Экономическая же подоплека событий такова: поскольку власть не могла предложить крестьянам в обмен на их хлеб достаточное количество промышленных товаров, то нужно было либо срочно обеспечить их производство, либо отнять хлеб. И после внутрипартийной дискуссии, в ходе которой сторонники умеренного, основанного на более или менее нормальных экономических предпосылках курса, были задавлены сталинистами, в 1929 году власть приняла однозначное решение. Вместо развития партнерских отношений с крестьянством, избрав стратегию его ограбления и закабаления под лозунгами «сплошной коллективизации» и «уничтожения кулачества как класса».
И страна почти не заметила – еще один из страшнейших парадоксов сталинского времени – какая жуткая вивисекция была произведена на ее теле.
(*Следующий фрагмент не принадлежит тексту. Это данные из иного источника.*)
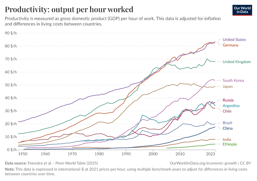 Feenstra et al. - Penn World Table (2025) – with major processing by Our World in Data. “Productivity: output per hour worked – Penn World Table – In constant international-$” [dataset]. Feenstra et al., “Penn World Table 11.0” [original data]. Retrieved March 7, 2026 from https://archive.ourworldindata.org/20260304-094028/grapher/labor-productivity-per-hour-pennworldtable.html (archived on March 4, 2026).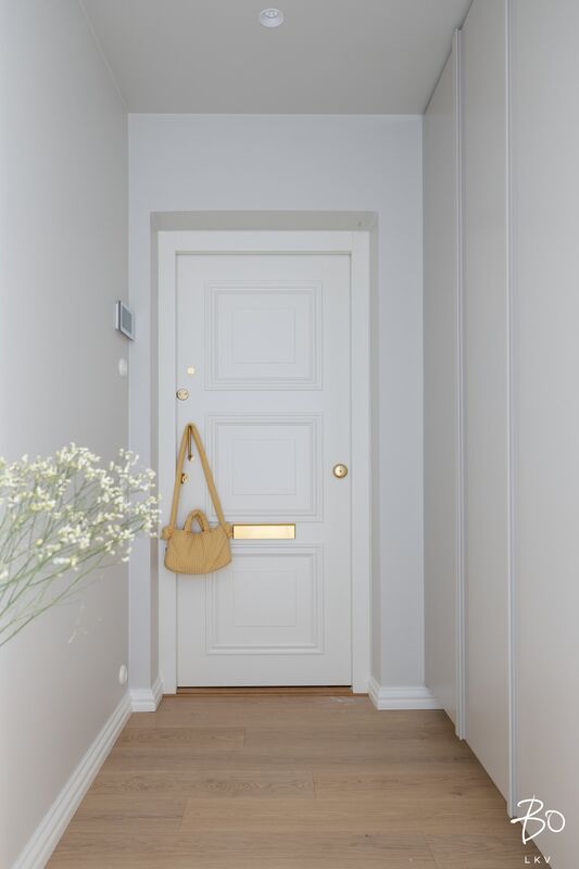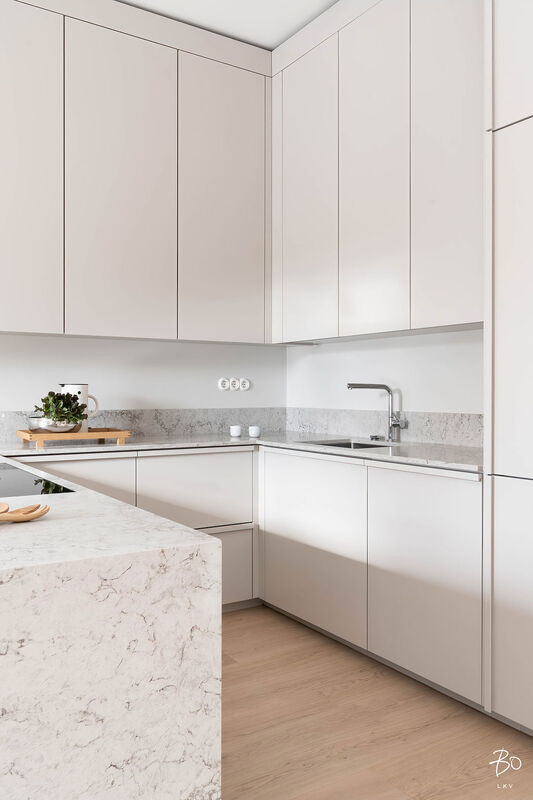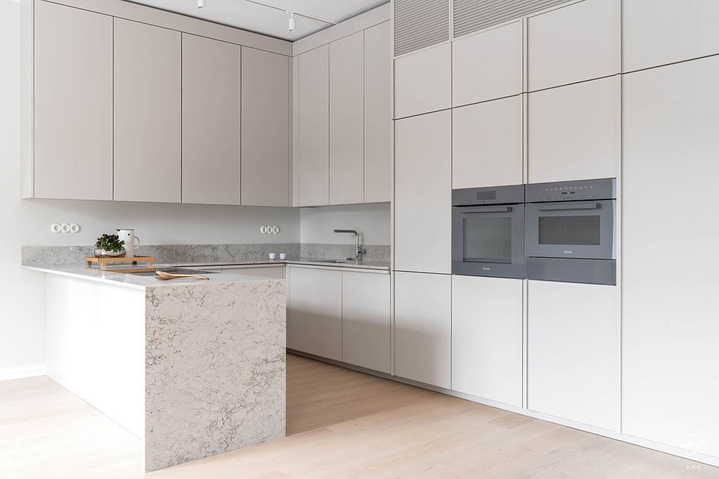 Keittiön ovet: Maalattu, puolihimmeä, sävy sama kuin seinäsävy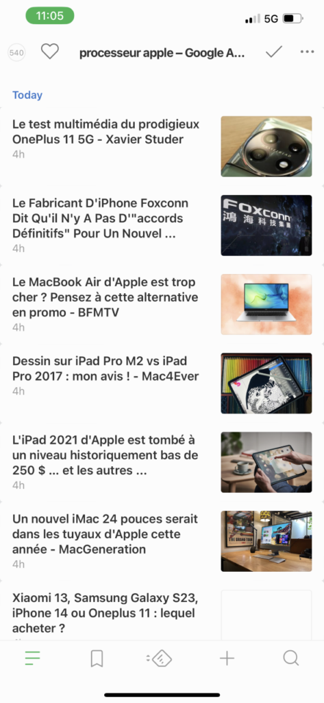 J’ai lié Google Alerts à Feedly en le configurant autour de quelques mots clés.
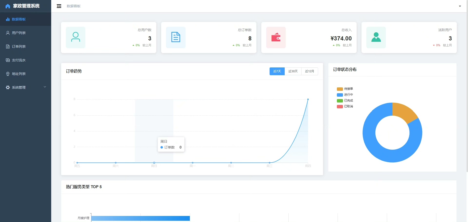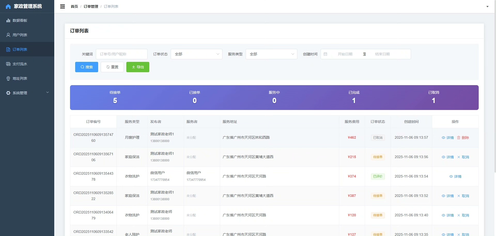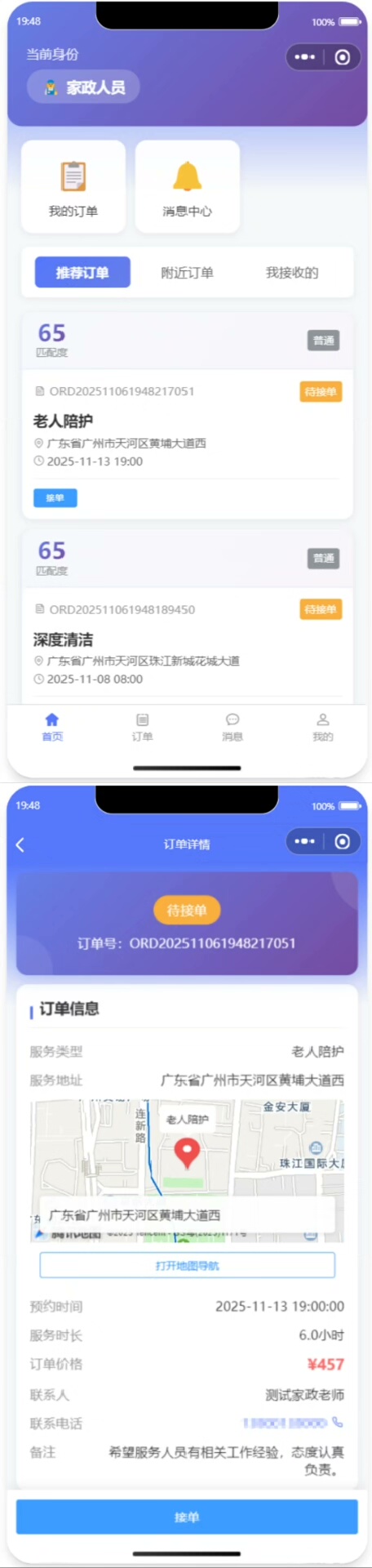 家政老师可在线提交服务需求,详细描述时间、地点、服务类型等信息;家政阿姨可在移动端浏览附近订单,并根据自身情况主动接单。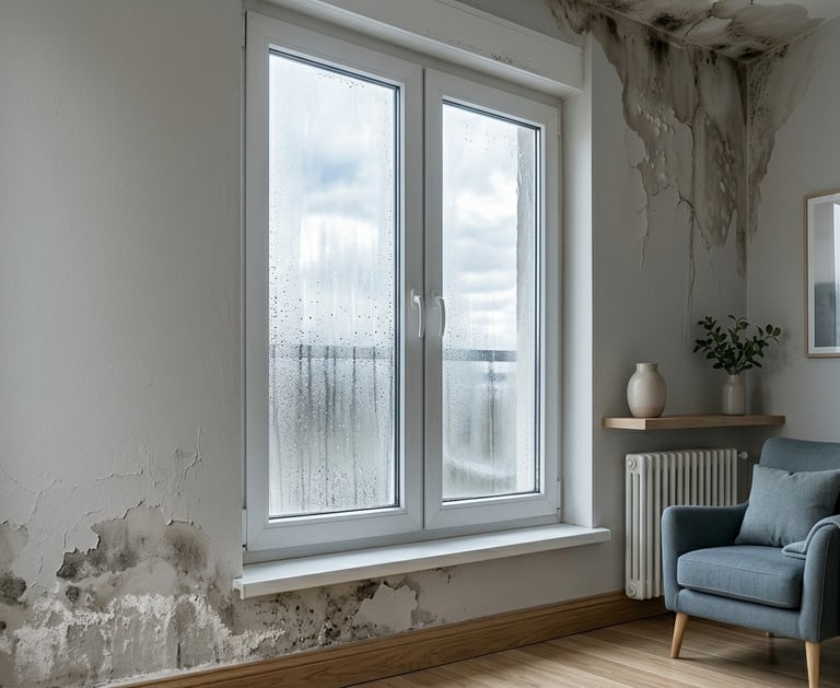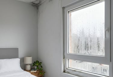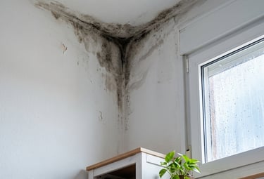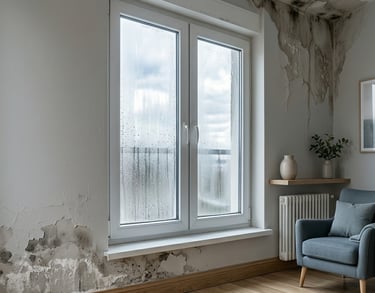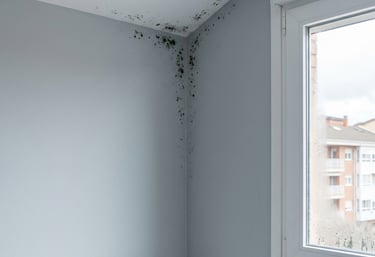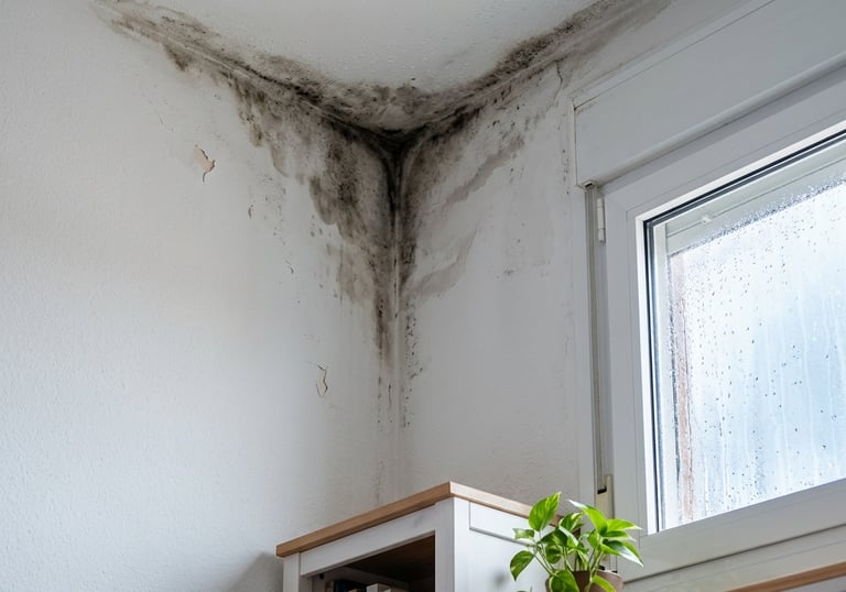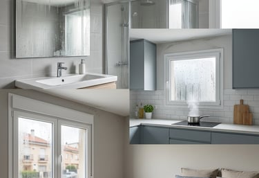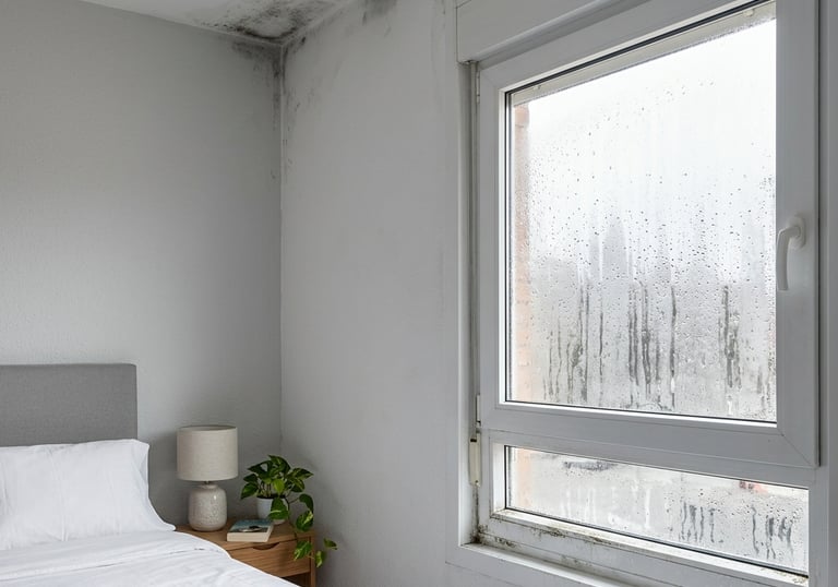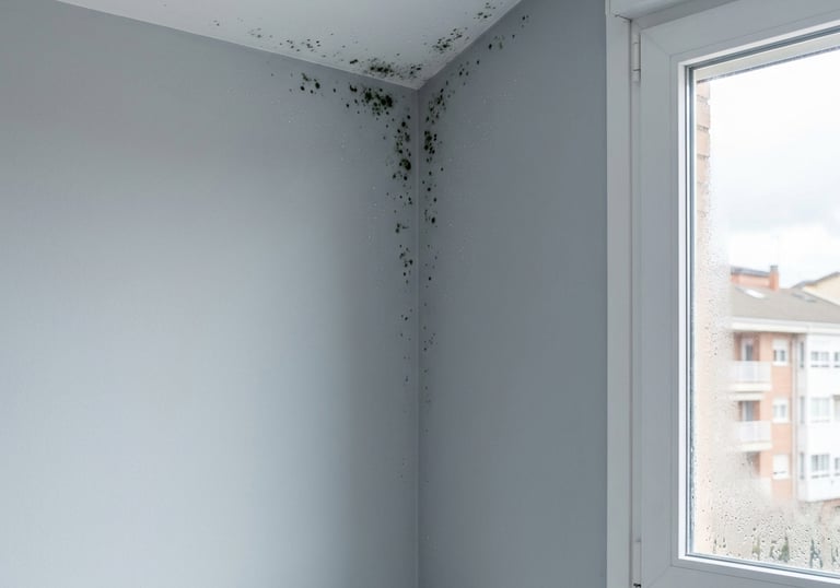 Se forma por exceso de vapor y falta de ventilación. Suele aparecer en ventanas, esquinas frías, techos o zonas con moho superficial.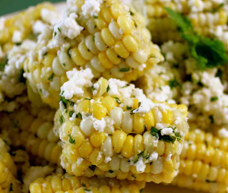 The corn we bought last weekend needed a bit of help. It wasn’t quite sweet; a few of the cobs were underdeveloped. Feta and mint, the star taste combination of the summer in our house (great with watermelon) came to the rescue. I mixed corn’s old ally, butter, with chopped mint, a little cayenne, some black pepper and lots of crumbled feta and tossed with cooked cobs. The butter added sweetness, the feta some savoury depth and saltiness and the mint made it taste just a little like summer may never end.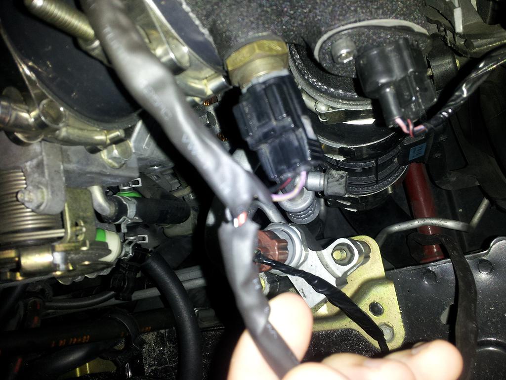 I installed my reverant built MS2 tuning seemed to be going well until I took a log to solve a problem with my vtcs solenoid. While I was looking at the log I realized my IAT sensor was reading a static 70 degrees which I assume is because it is not actually reading anything. I have a GM IAT sensor that is tapped into the coldside intercooler piping right after the intercooler. I wired it into the two wires of the stock IAT sensor like so:

О подлинном смысле, масштабах трагедии, ее ближайших и отдаленных последствиях долгое время практически никто не догадывался. Да и о самих событиях, помимо их крайне куцей официальной версии, мало кто знал (во всяком случае в городах). Лишь постепенно правда о судьбе этого «бесписьменного народа» (выражение А. Солженицына) начала просачиваться наружу. Даже число жертв коллективизации до самого конца существования СССР оставалось тайной. Да и существуют ли прямые данные? Кто мог быть заинтересован в подобного рода учете? И сегодня в дискуссиях о голодоморе фигурируют цифры с почти четырехкратным разбросом – от 3 до 11 миллионов!
С точки зрения нормальной политической экономии насильственная массовая коллективизация была полным абсурдом. Вряд ли в европейской истории XIX–XX веков, т. е. во времена, когда теории Адама Смита и его последователей стали неотъемлемой частью сознания образованных людей, можно найти аналогичный пример столь явного пренебрежения законами экономического развития при принятии политического решения.